# Task inputs
_ _ _
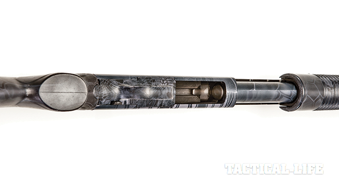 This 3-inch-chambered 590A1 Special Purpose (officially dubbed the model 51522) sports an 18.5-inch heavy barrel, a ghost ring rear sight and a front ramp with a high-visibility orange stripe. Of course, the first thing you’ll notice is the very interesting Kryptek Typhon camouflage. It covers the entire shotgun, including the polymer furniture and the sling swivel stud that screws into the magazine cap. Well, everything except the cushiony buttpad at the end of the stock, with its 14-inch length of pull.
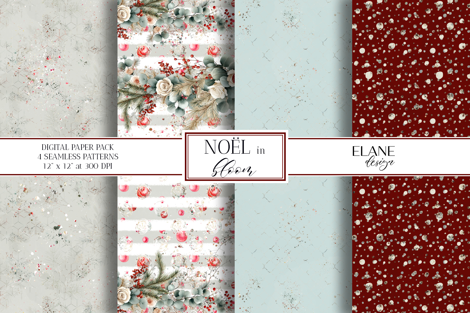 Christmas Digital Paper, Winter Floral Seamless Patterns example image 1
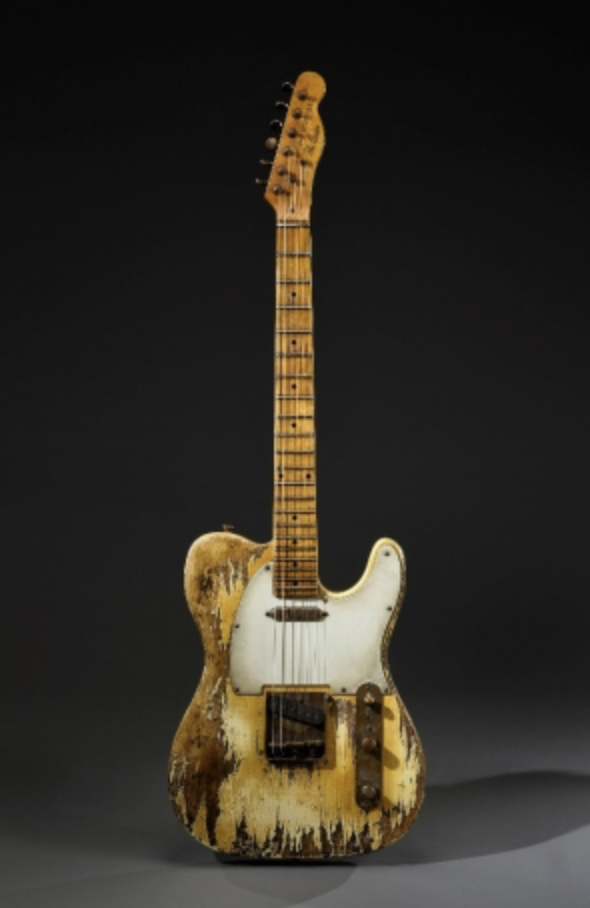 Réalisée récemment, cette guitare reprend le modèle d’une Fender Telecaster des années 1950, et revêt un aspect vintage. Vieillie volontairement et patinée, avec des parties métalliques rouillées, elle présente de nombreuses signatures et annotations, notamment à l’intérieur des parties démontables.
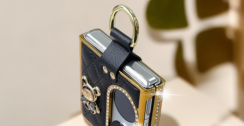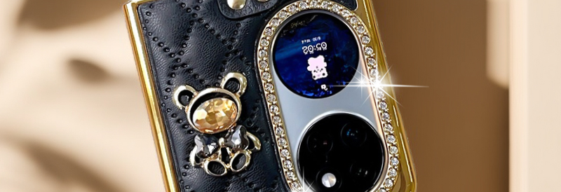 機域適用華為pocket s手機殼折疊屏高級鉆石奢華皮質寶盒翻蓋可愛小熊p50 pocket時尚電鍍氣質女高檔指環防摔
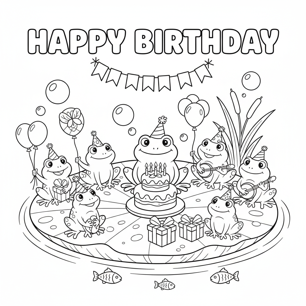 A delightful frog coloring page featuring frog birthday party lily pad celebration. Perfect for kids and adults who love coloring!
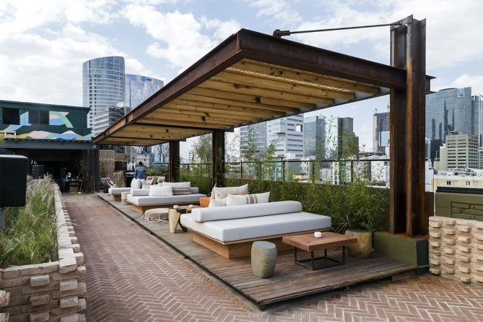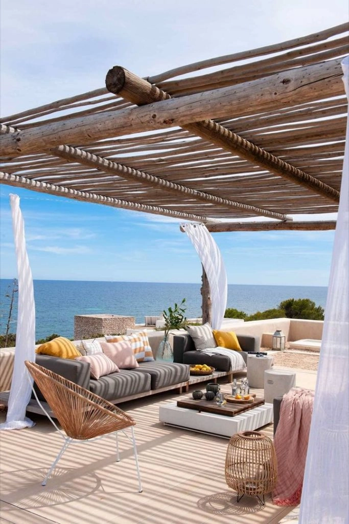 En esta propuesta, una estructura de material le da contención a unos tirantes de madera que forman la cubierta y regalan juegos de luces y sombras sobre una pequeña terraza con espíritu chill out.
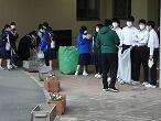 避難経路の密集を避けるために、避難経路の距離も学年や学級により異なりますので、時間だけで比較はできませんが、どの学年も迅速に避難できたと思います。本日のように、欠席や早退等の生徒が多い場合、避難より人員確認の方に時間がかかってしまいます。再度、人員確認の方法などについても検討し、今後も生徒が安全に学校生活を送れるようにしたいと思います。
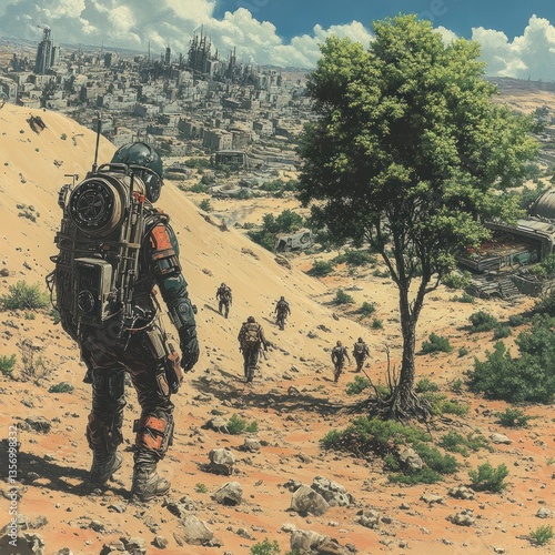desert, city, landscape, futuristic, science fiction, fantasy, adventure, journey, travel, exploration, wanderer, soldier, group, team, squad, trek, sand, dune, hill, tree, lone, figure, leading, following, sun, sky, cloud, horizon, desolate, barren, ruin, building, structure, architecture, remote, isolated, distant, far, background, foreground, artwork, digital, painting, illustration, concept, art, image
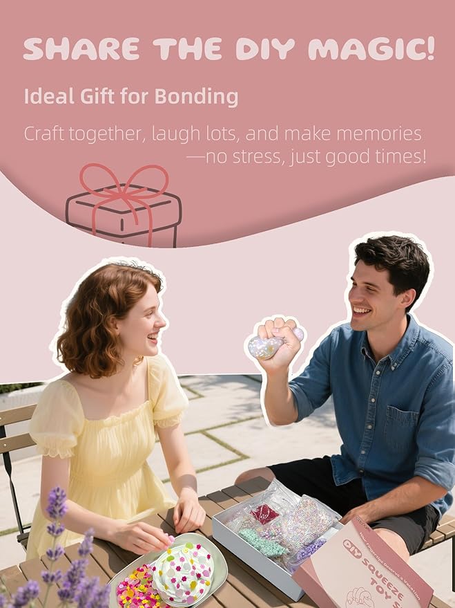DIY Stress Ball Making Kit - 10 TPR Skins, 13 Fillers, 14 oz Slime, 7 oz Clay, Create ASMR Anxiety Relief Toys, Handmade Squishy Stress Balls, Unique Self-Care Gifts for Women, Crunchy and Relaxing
_ _ _
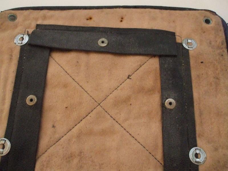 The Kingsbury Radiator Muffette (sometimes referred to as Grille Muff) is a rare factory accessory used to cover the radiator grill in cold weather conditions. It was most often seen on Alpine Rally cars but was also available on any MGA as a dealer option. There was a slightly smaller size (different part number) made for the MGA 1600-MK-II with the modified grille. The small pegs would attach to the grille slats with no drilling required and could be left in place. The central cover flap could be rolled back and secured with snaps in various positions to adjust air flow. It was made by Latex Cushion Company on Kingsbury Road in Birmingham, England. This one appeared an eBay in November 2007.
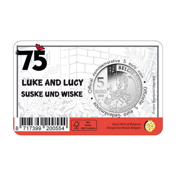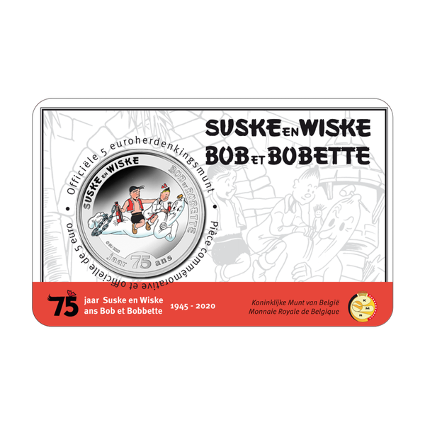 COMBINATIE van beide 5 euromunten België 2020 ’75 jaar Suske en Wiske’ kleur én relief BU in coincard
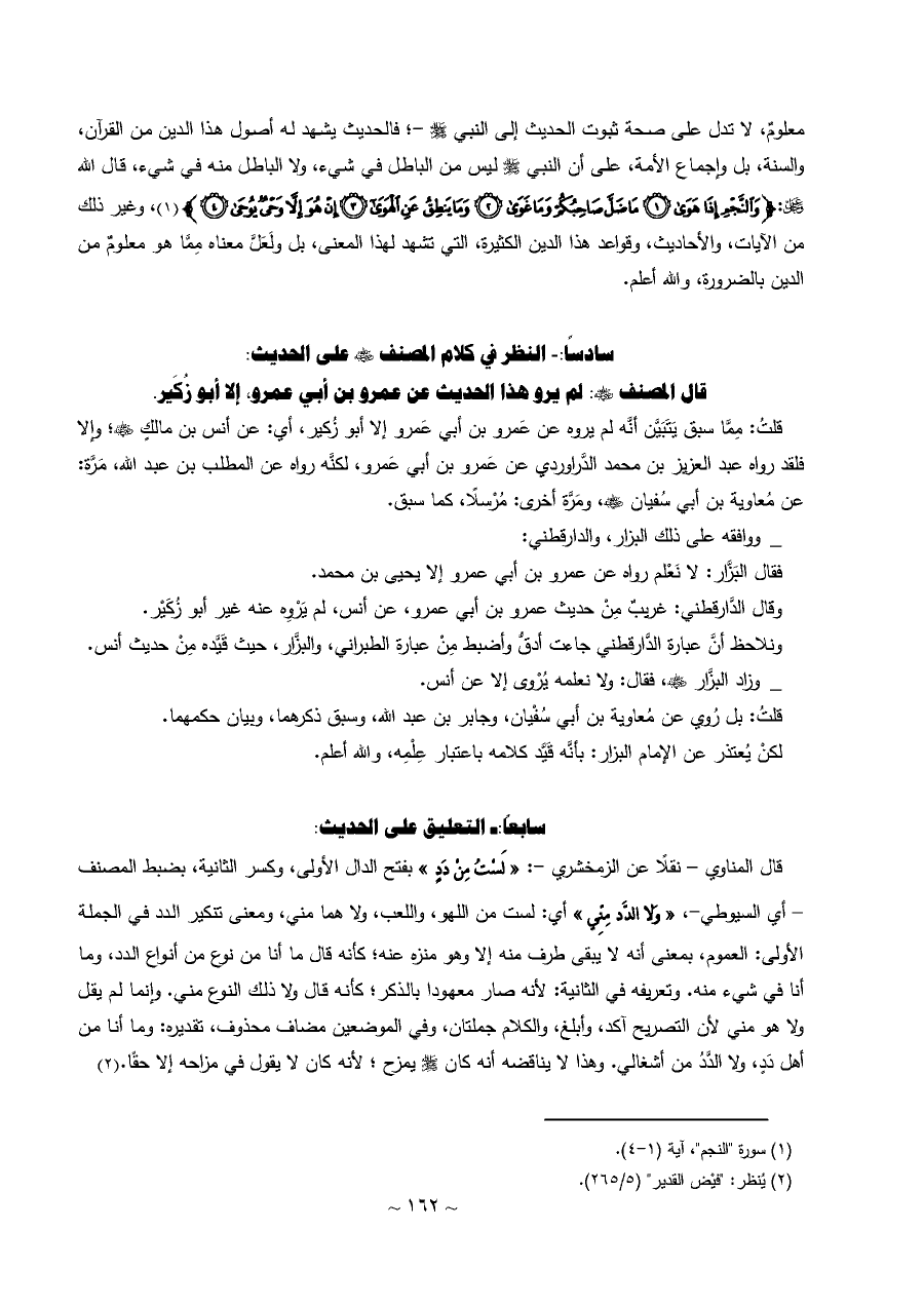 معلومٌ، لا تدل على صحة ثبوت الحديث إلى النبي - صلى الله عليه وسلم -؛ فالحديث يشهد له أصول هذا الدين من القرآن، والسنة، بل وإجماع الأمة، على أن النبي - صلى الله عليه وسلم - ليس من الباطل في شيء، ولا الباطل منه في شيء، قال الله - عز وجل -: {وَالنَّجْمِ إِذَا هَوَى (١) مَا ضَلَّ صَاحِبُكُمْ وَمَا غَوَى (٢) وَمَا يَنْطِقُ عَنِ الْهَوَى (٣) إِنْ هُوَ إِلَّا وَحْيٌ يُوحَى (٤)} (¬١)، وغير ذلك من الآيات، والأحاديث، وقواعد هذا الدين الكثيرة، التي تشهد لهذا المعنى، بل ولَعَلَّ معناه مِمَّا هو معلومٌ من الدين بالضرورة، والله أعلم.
_ _ _
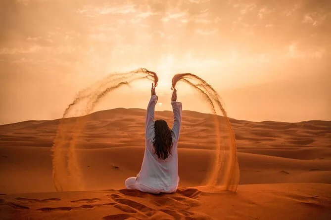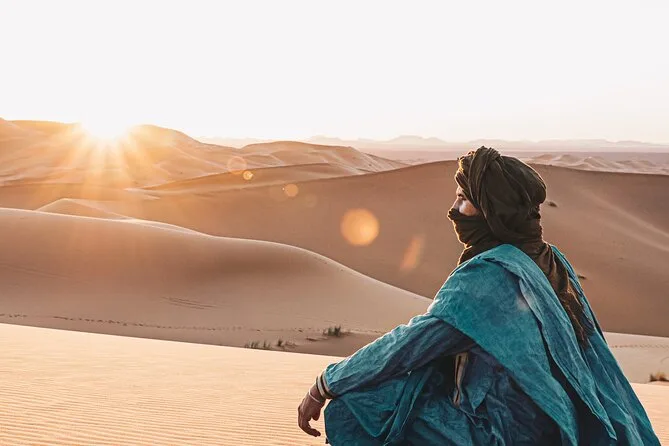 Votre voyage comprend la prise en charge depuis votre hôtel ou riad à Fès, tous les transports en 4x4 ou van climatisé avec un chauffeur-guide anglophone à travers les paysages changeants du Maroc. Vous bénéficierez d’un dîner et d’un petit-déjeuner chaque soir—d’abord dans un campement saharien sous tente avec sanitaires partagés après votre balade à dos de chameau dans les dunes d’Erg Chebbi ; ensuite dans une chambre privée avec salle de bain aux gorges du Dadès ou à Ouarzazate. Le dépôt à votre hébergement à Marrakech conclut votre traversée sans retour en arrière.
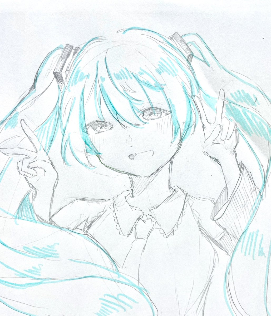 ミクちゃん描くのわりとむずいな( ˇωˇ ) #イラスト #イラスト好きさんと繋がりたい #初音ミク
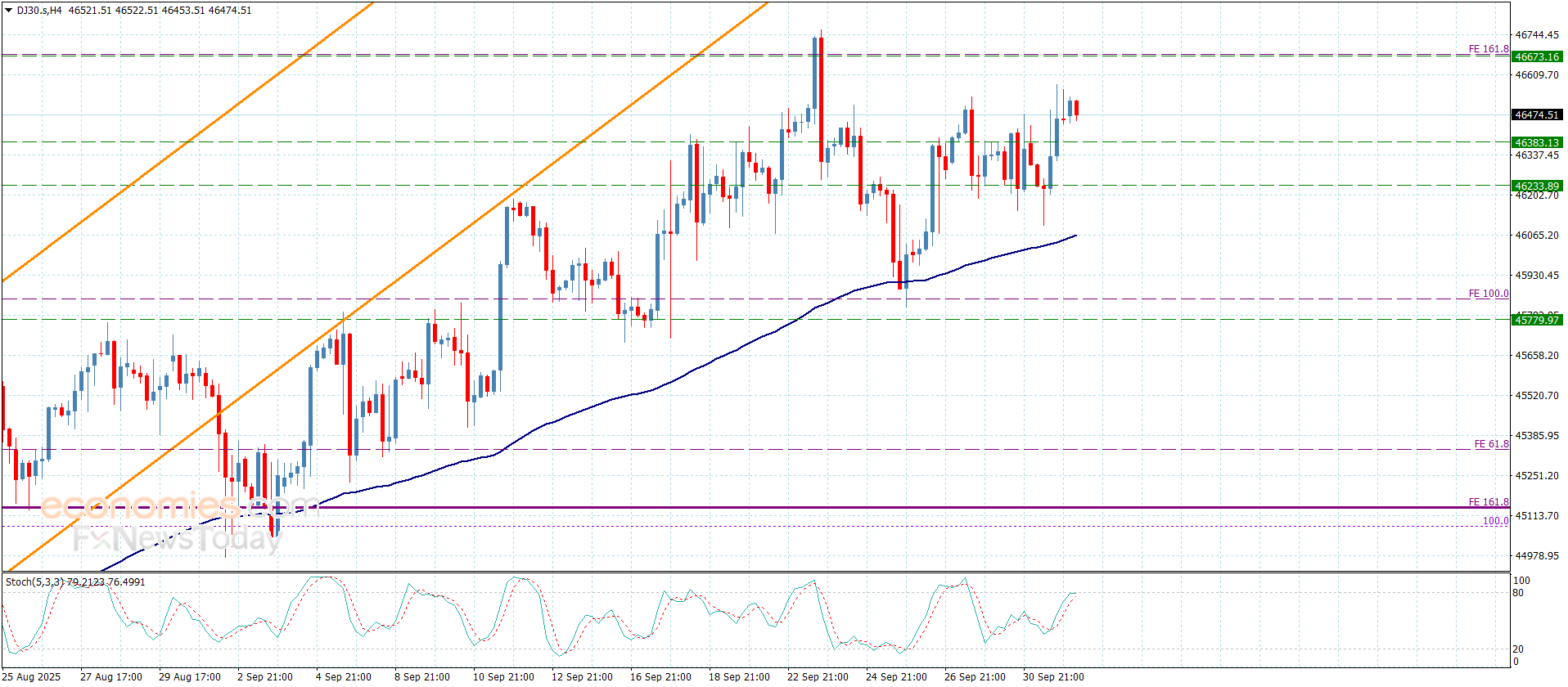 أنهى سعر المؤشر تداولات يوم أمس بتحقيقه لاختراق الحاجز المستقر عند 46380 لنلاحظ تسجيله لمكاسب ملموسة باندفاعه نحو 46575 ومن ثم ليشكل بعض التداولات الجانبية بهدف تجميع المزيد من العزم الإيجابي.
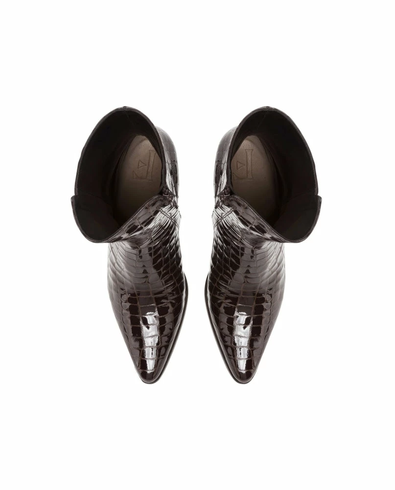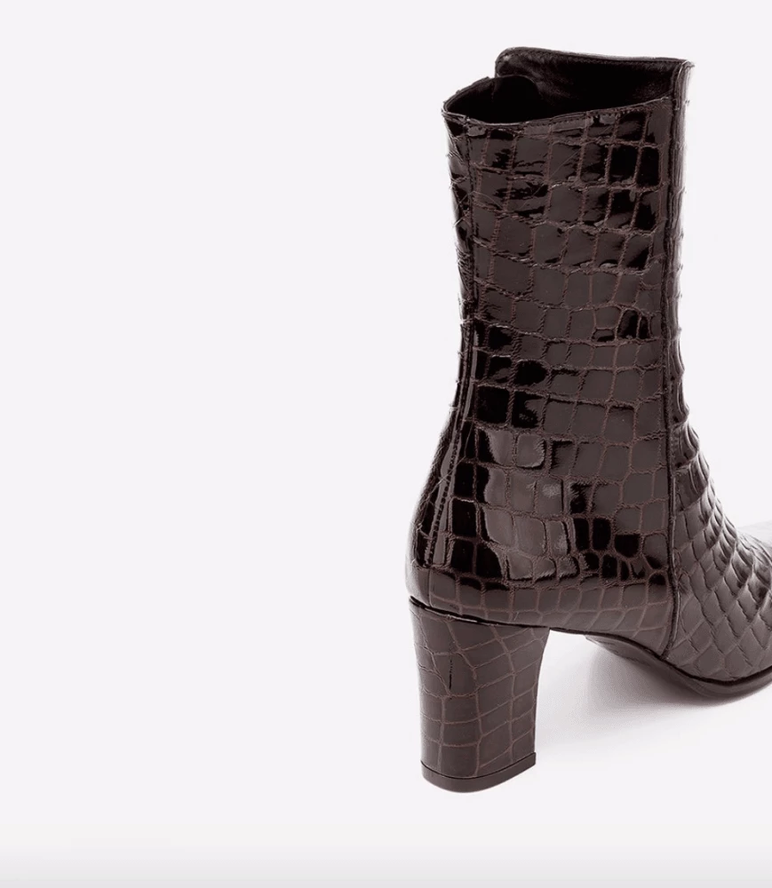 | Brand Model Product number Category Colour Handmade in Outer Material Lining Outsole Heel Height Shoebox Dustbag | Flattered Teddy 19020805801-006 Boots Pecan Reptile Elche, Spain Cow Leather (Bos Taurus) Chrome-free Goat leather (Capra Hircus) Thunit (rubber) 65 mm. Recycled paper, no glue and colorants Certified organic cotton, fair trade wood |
_ _ _
# The problem
Take only the lines above from the one that has "En esta propuesta, una" through the one that has "desert, city, landscape, futuristic, science" and reproduce them exactly, omitting any pictures.

# Task solution
 En esta propuesta, una estructura de material le da contención a unos tirantes de madera que forman la cubierta y regalan juegos de luces y sombras sobre una pequeña terraza con espíritu chill out.
 避難経路の密集を避けるために、避難経路の距離も学年や学級により異なりますので、時間だけで比較はできませんが、どの学年も迅速に避難できたと思います。本日のように、欠席や早退等の生徒が多い場合、避難より人員確認の方に時間がかかってしまいます。再度、人員確認の方法などについても検討し、今後も生徒が安全に学校生活を送れるようにしたいと思います。
desert, city, landscape, futuristic, science fiction, fantasy, adventure, journey, travel, exploration, wanderer, soldier, group, team, squad, trek, sand, dune, hill, tree, lone, figure, leading, following, sun, sky, cloud, horizon, desolate, barren, ruin, building, structure, architecture, remote, isolated, distant, far, background, foreground, artwork, digital, painting, illustration, concept, art, image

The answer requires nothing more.